- [EXERCISE INSTRUCTIONS]: Would you return exactly the lines from the top of the data below through the one containing "Shreenathji Krishna Wedding", leaving out the pictures?

- [TASK DATA]:
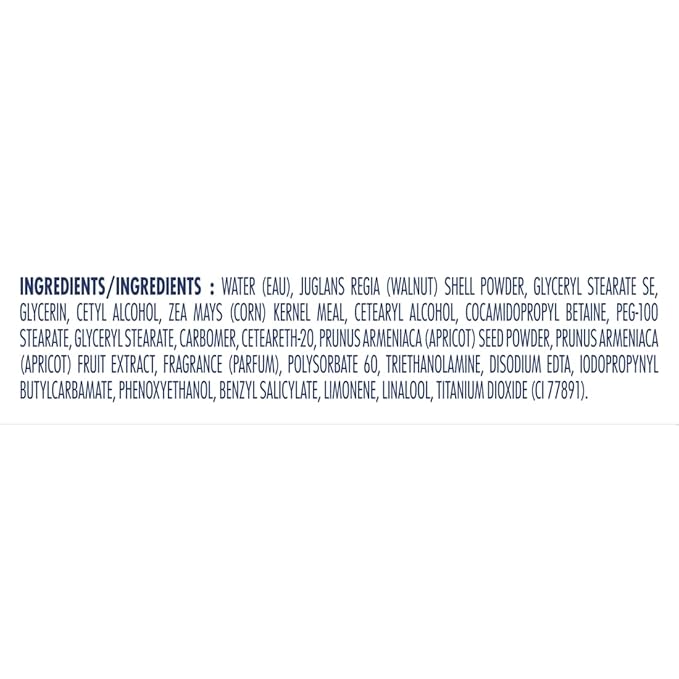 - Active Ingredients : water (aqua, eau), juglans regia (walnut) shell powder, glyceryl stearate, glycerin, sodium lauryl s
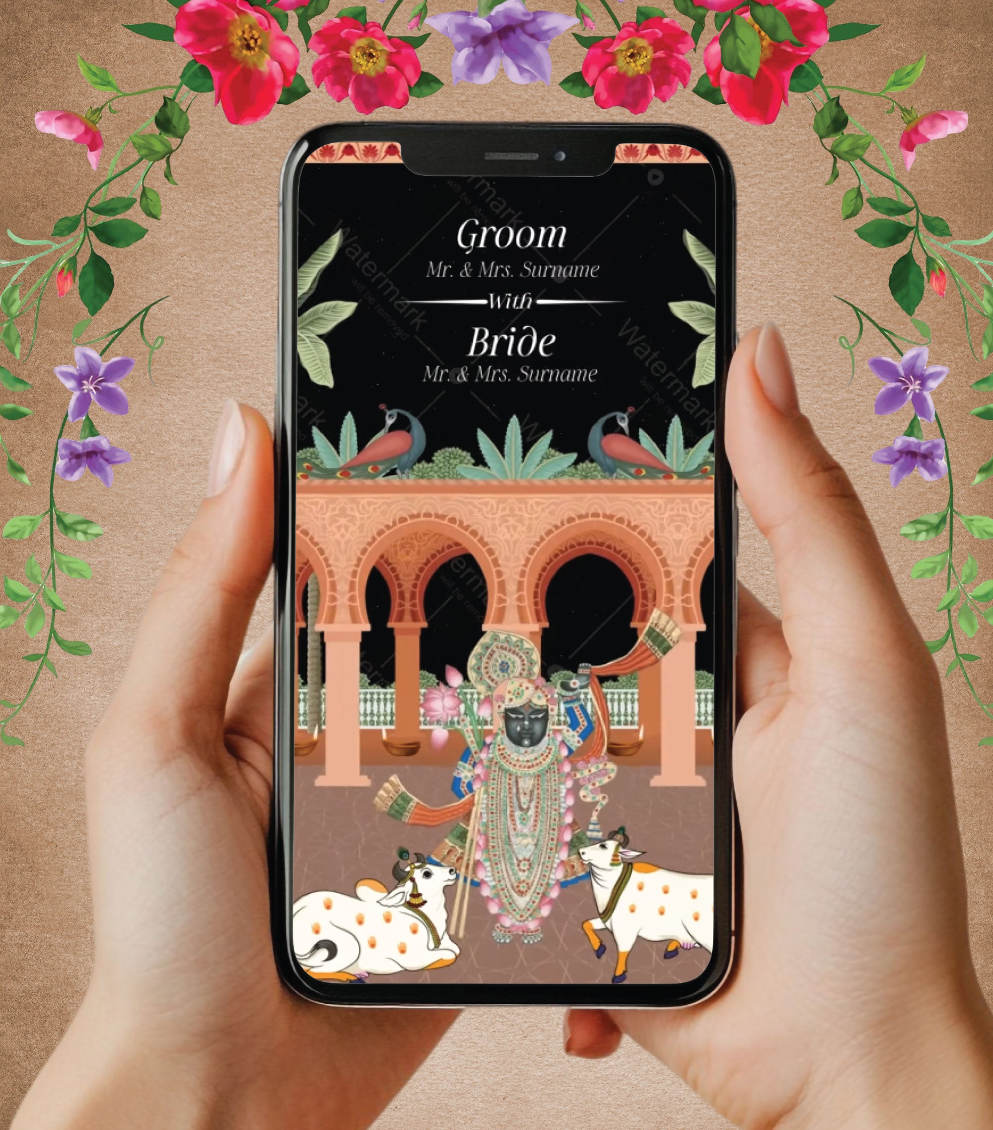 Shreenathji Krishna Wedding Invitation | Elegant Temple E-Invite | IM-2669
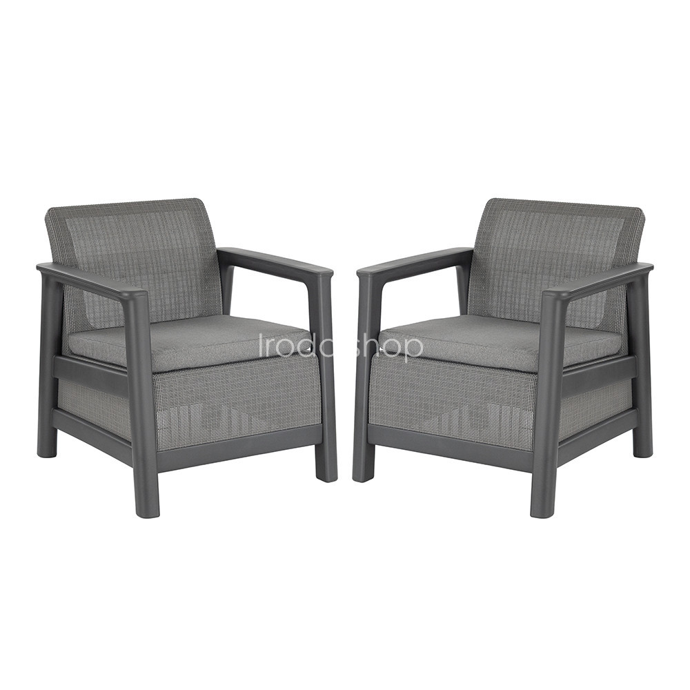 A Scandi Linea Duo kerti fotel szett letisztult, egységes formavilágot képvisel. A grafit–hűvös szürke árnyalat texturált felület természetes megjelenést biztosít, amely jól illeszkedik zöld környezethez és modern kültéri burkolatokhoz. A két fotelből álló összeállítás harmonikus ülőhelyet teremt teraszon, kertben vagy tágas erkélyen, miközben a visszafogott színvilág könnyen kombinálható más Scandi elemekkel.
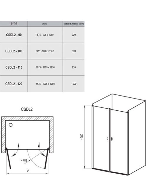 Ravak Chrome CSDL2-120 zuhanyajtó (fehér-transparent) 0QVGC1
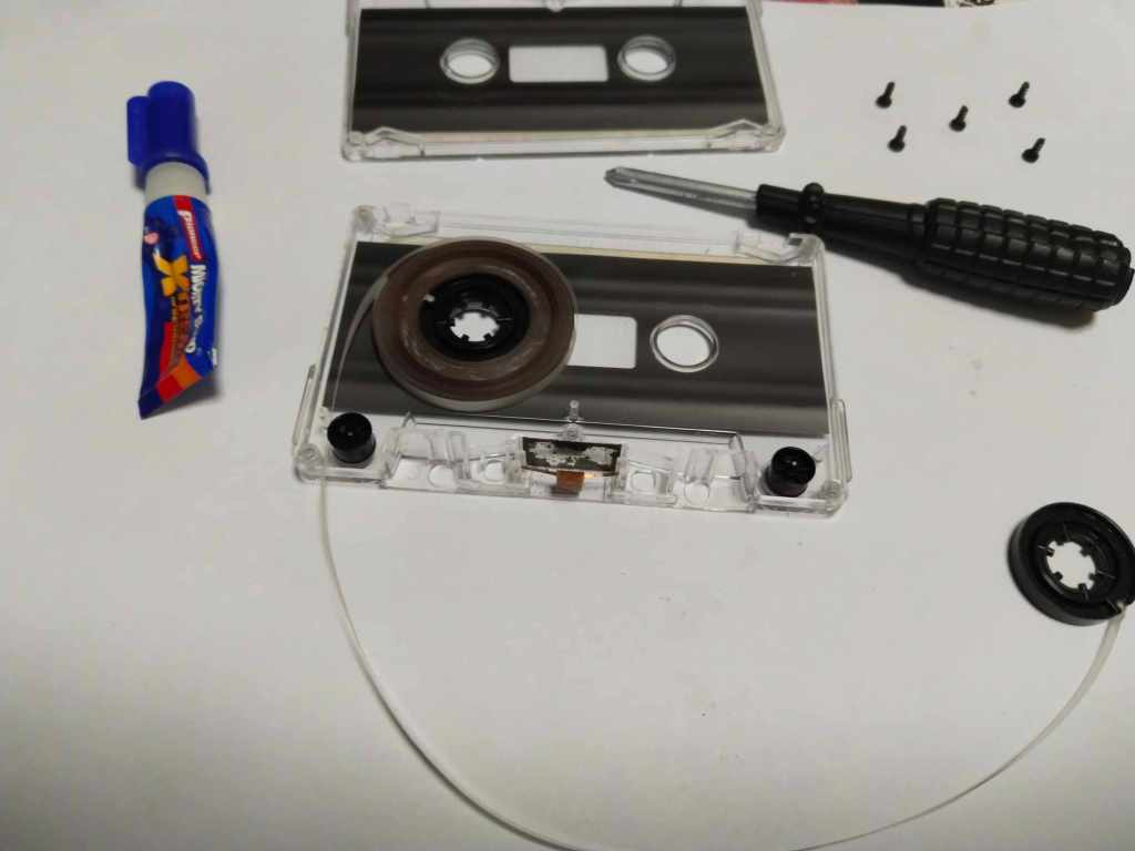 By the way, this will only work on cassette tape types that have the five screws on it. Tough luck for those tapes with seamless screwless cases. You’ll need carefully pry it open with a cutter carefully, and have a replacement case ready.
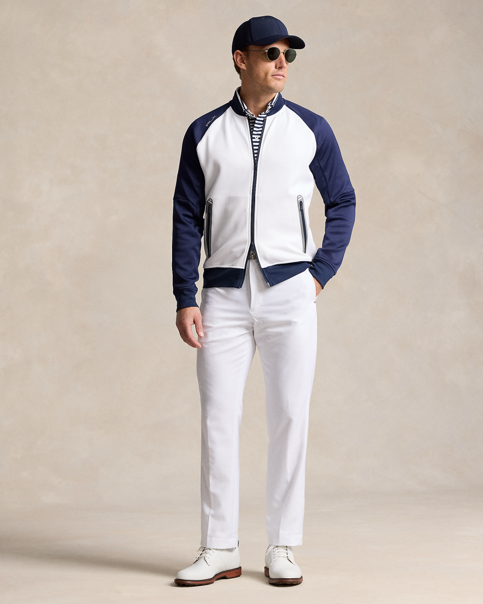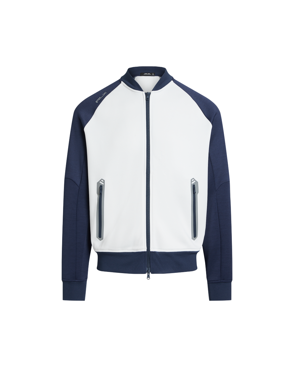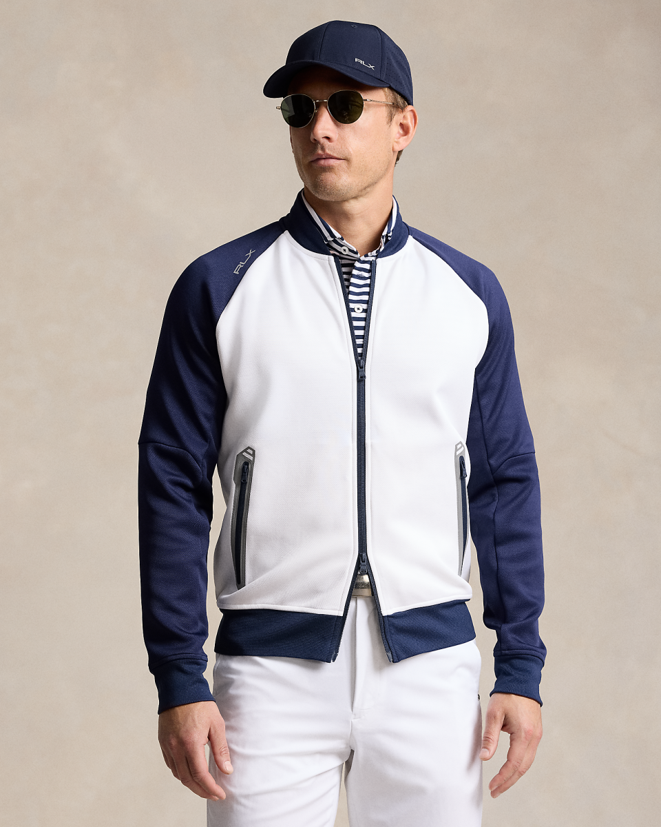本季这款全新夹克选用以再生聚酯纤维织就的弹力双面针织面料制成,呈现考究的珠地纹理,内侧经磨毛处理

- [OUTPUT OF THE EXERCISE]:
 - Active Ingredients : water (aqua, eau), juglans regia (walnut) shell powder, glyceryl stearate, glycerin, sodium lauryl s
 Shreenathji Krishna Wedding Invitation | Elegant Temple E-Invite | IM-2669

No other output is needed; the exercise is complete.